Therefore, the point cloud coordinates of each pixel are calculated as follows:

z = \frac{d}{s} x = \frac{(u - C_{x}) \times z}{f_{x}} y = \frac{(v - C_{y}) \times z}{f_{y}}

(13)

where u and v = image pixel coordinates; s = camera scaling factor; and f_x, f_y, C_x, and C_y = calibrated camera intrinsic parameters.

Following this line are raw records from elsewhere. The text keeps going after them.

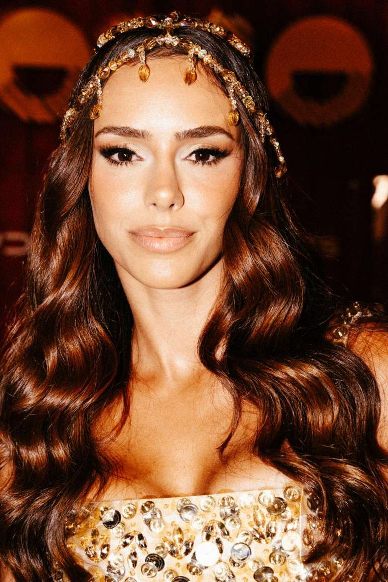 Sabrina Sato opta por look dourado para curtir 2ª noite dos desfiles no Rio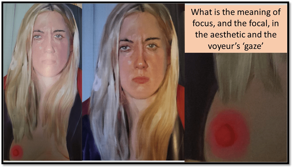As Jessica Bell Brown notes the focus of the feelings may relate to the tension in the painting’s attraction to the gaze, including a gendered gaze. Our gaze may be drawn to the stern face haloed by the dark of a shadow proceeding from unforgiving frontal lighting, or the centrality of the ‘masculinised’ posture of open legs, adorned by rich, almost queenly jewelled hands. But there is no doubt that the strongly coloured nipple, which is enhanced by other colouring contrasts, and which the curator’s call ‘one of Gribbon’s signature neon-pink nipples’.[7] But surely there is more to it being a ‘signature’ than Gribbon alerting us to her presence. We are inclined in art-history to apply that rather old-fashioned tool of invoking the ‘male gaze’ to indicate how a painting distributes focal attractions to the eye, in the service (so the limp theory goes) only of the male gaze instituted by patriarchy, and which subjects female sexuality to male control. However, this nipple is part of the artist’s own engagement, as a queer women with her living and sexual partner. To call it called forth by the male gaze is a major category error, for it is so when we assume paintings directed primarily at men. These readings are present too, but in tension with the painting’s superb and unapologetic queerness (the deliberate plain setting is the home of Gribbon and Mackenzie).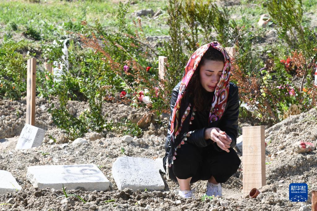 4月23日,一名女子在土耳其哈塔伊一處墓地悼念在地震中遇難的親人。新華社發(fā)(穆斯塔法·卡亞 攝)
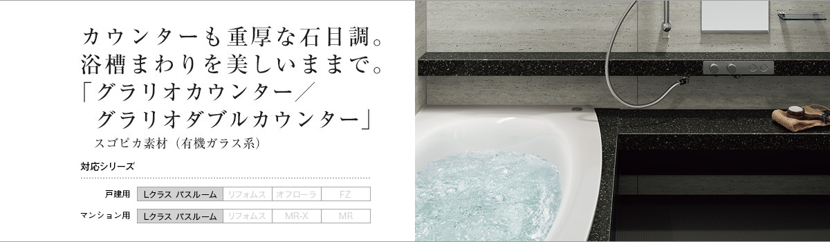カウンターも重厚な石目調浴槽まわりを美しいままで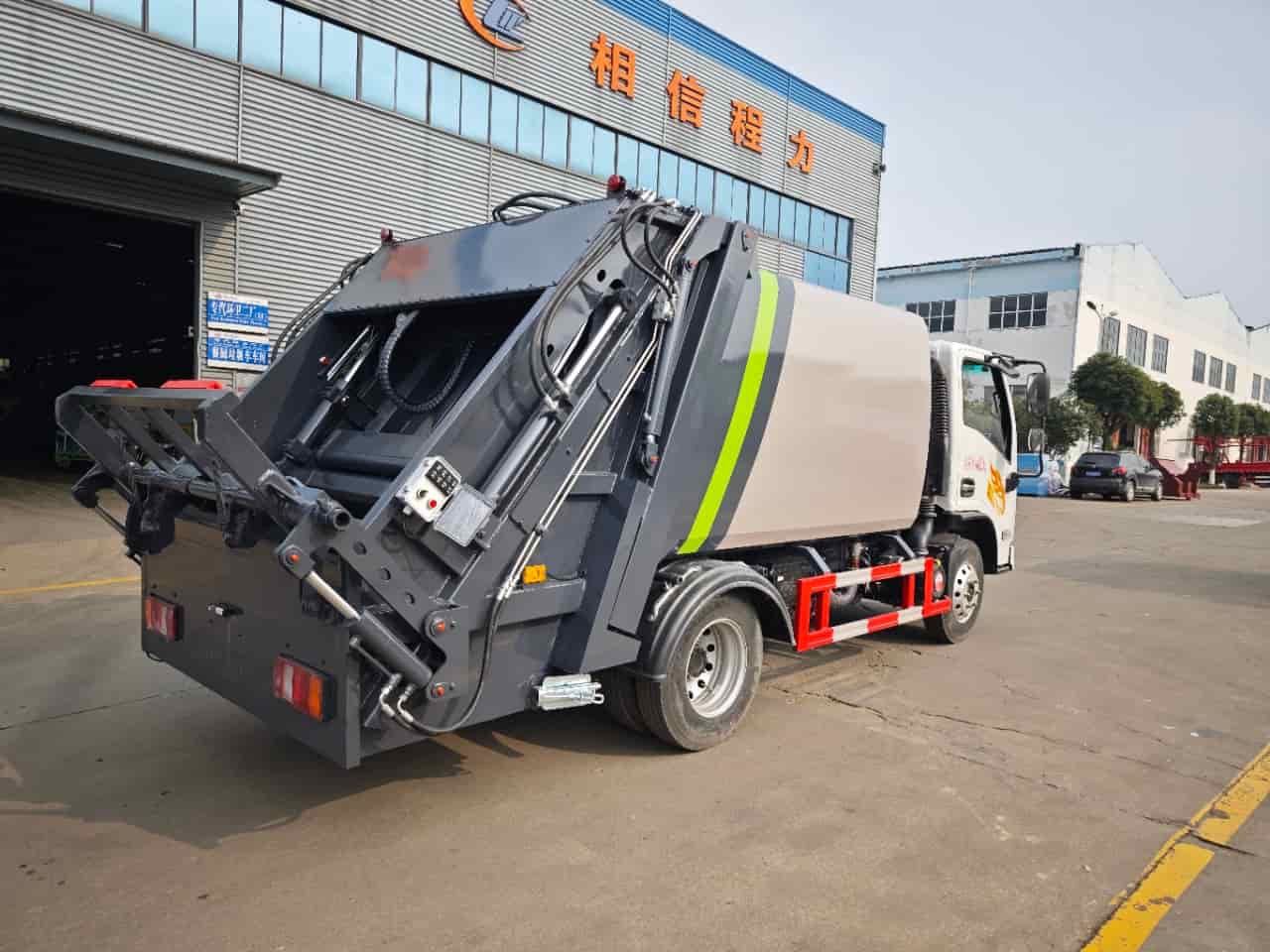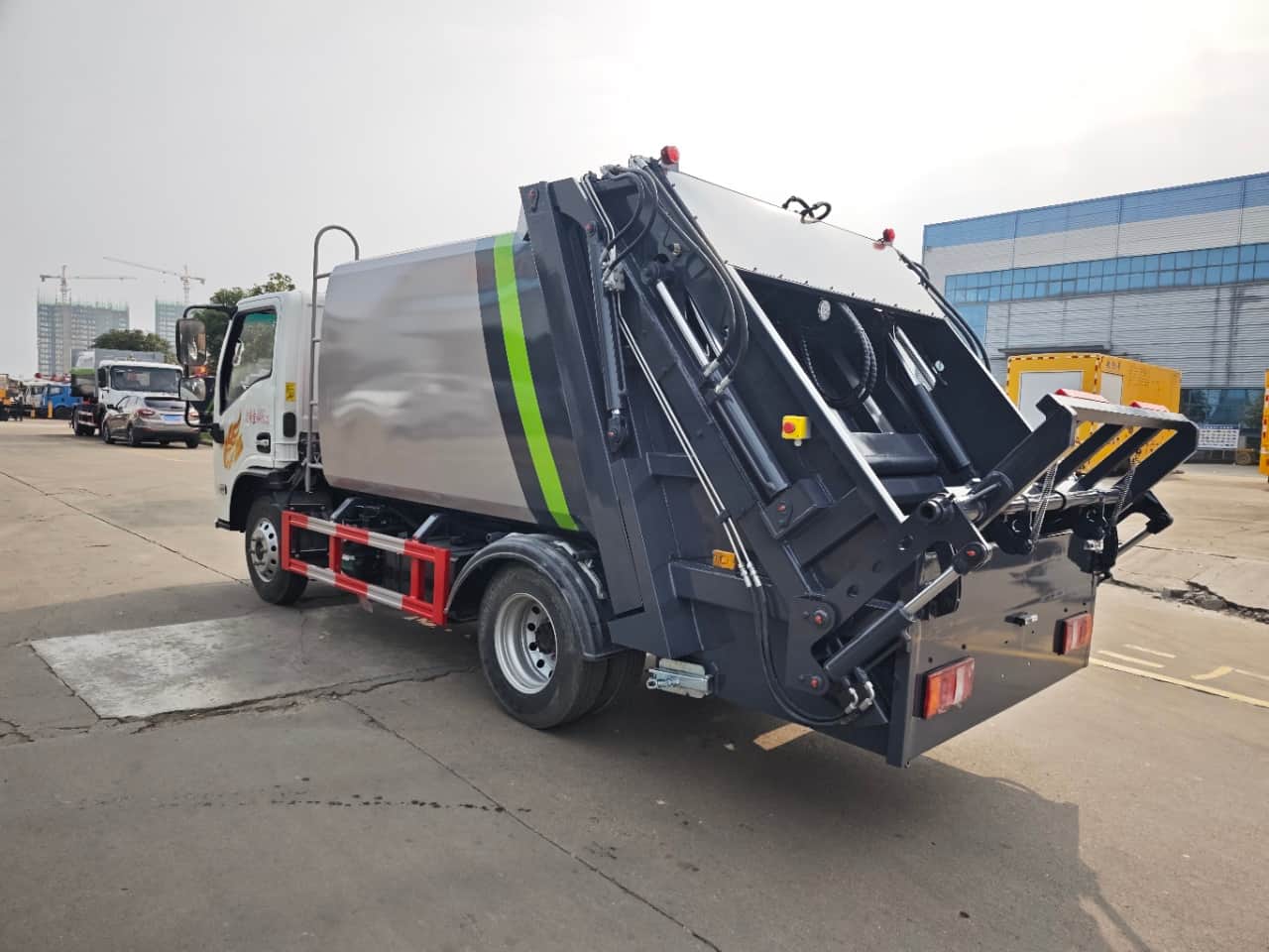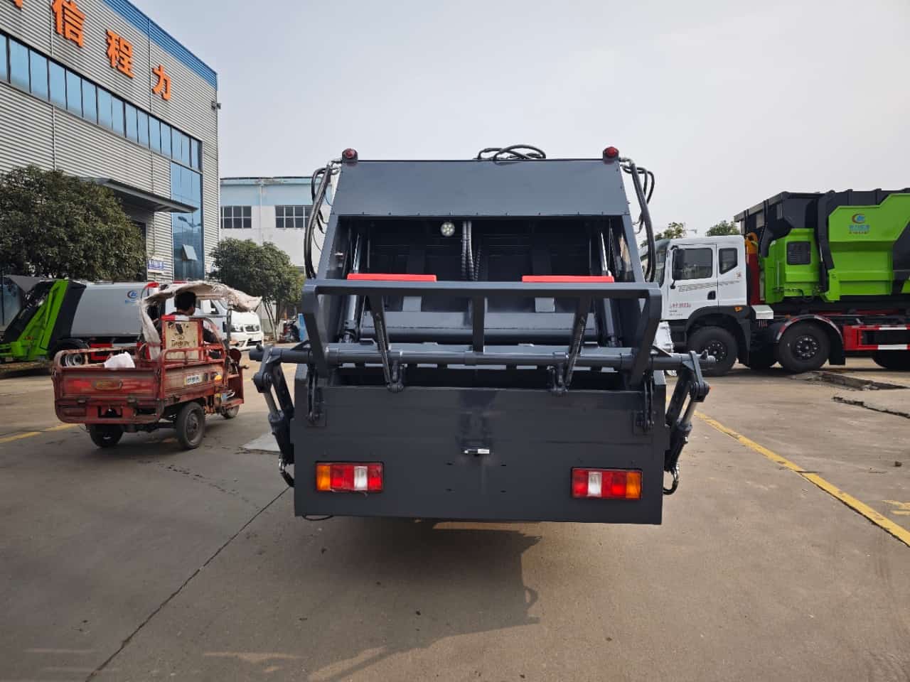 上装配置:箱体容积约6.5立方,新款弧形箱体,采用优质高强度Q345锰钢材料制作,后包采用高强度钢制作,单泵,整体阀;国标240升翻桶架,翻转底座两边采用轴承固定,CAN电控系统,驾驶室内控制面板带油门调节和故障预警功能,尾部带操作盒(副驾侧为手动电控按钮操作,正驾侧为急停开关和装卸载转换开关),带无线遥控器,带被压阀,其他按标准配置。
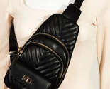 This stylish quilted crossbody bag features premium black leather construction with distinctive diamond-quilted texture that adds luxury appeal. The bag showcases elegant gold-tone hardware including zippers and turn-lock closure for secure storage. Designed with an adjustable crossbody strap for comfortable hands-free carrying, this versatile bag offers multiple compartments for organized storage of essentials. The compact yet functional design makes it perfect for daily use, travel, or evening outings. The sophisticated black color and quilted pattern create a timeless aesthetic that complements both casual and formal outfits.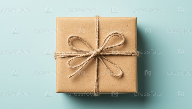Подарок в крафт-бумаге на пастельно-синем фоне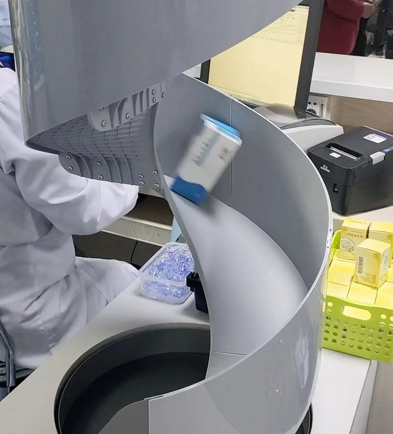 隨著人工智能的發(fā)展,以質(zhì)量為核心、以病人為中心”的服務(wù)理念。提高醫(yī)療服務(wù)質(zhì)量,改善群眾就醫(yī)體驗(yàn),醫(yī)院都紛紛上線智慧藥房。發(fā)藥機(jī)投入使用讓病患享受到更加便捷的藥學(xué)服務(wù)。發(fā)藥機(jī)從外形看,就像是大型自動(dòng)售貨機(jī),解決了人工發(fā)藥取藥調(diào)配差錯(cuò)率高、沒有過程記錄環(huán)節(jié)、患者等待時(shí)間長等缺點(diǎn),緩解了高峰期配藥壓力。發(fā)藥機(jī)系統(tǒng)還會(huì)自動(dòng)鎖定過期藥品功能強(qiáng)大,發(fā)藥機(jī)內(nèi)部溫度恒溫,有藥品缺藥的提示功能,系統(tǒng)就會(huì)按照處方的內(nèi)容自動(dòng)調(diào)配藥品,可以及時(shí)的補(bǔ)充藥品。實(shí)現(xiàn)實(shí)時(shí)監(jiān)控。這樣讓病患可以得到用藥需求。藥品充足就不會(huì)讓病人久等。最后把調(diào)配好的藥品通過傳輸帶輸送到發(fā)藥窗口。提高了效率將簡單繁重機(jī)械重復(fù)式的工作交給智能發(fā)藥機(jī)完成。配合具有108存儲(chǔ)位的智能調(diào)配機(jī)和78種藥品拆零的分包機(jī),系統(tǒng)全天能達(dá)到6000張?zhí)幏教幚砟芰?,確實(shí)能緩解高峰期配藥壓力。真正實(shí)現(xiàn)了藥品調(diào)配的全流程智能化操作。為患者的用藥安全提供了有力的保障。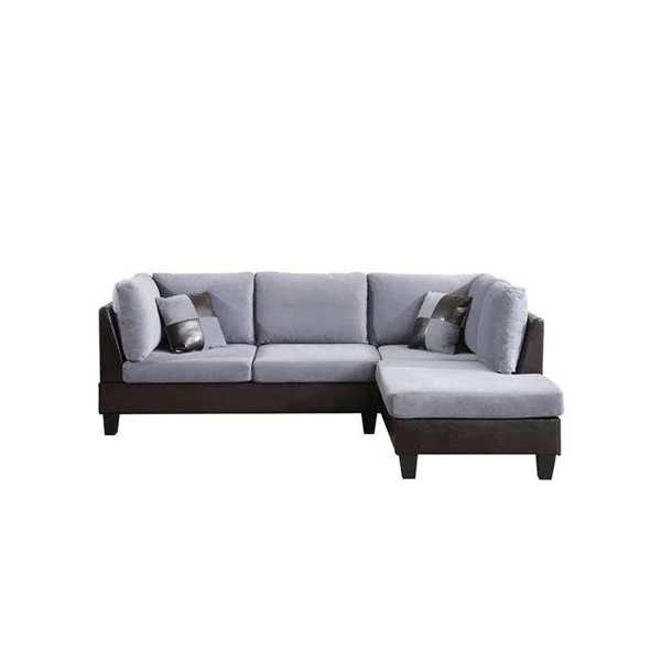 This sectional is wrapped with high quality champion fabric and packed with custom seating setup options. The chaise lounge is reversible and can be structured on the left or right side. Throw pillows are included. FeaturesHigh quality champion fabricMulti configuration setupOptional lift top ottoman with storageThrow pillows includedComfort focusedParts stored underneath sofa/chaiseSpecificationsColor: GrayMaterial: WoodOrientation: ReversibleShape: SpecialtyStyle: TransitionalCushion Material: FoamFrame Material: WoodSofa Shape: L ShapedUpholstery Material: MicrofiberNumber of Seat: 3Seat Dimension: 29"Dimension: 69 x 99 x 34 in.Weight: 191.8 lbs

Upon acquiring point cloud data, the coordinates for each pixel’s corresponding point in the cloud are known. By using deep learning models to identify the coordinates of pixels at the edges of lesions, the spatial three-dimensional coordinates of these edge pixels within the point cloud can be found. Projecting these coordinates onto the image plane allows us to delineate the polygonal areas of pathology formed by point cloud data on this plane, as depicted in Fig. 9. Based on the Shoelace theorem (Braden 1986), given the vertices’ coordinates, the area of any polygon can be calculated as follows:

S = \frac{1}{2} | \sum_{i = 1}^{n} (x_{i} y_{i + 1} - x_{i + 1} y_{i}) |, x_{n + 1} = x_{1}, y_{n + 1} = y_{1}

(14)

where x and y = pixel coordinates on the image plane.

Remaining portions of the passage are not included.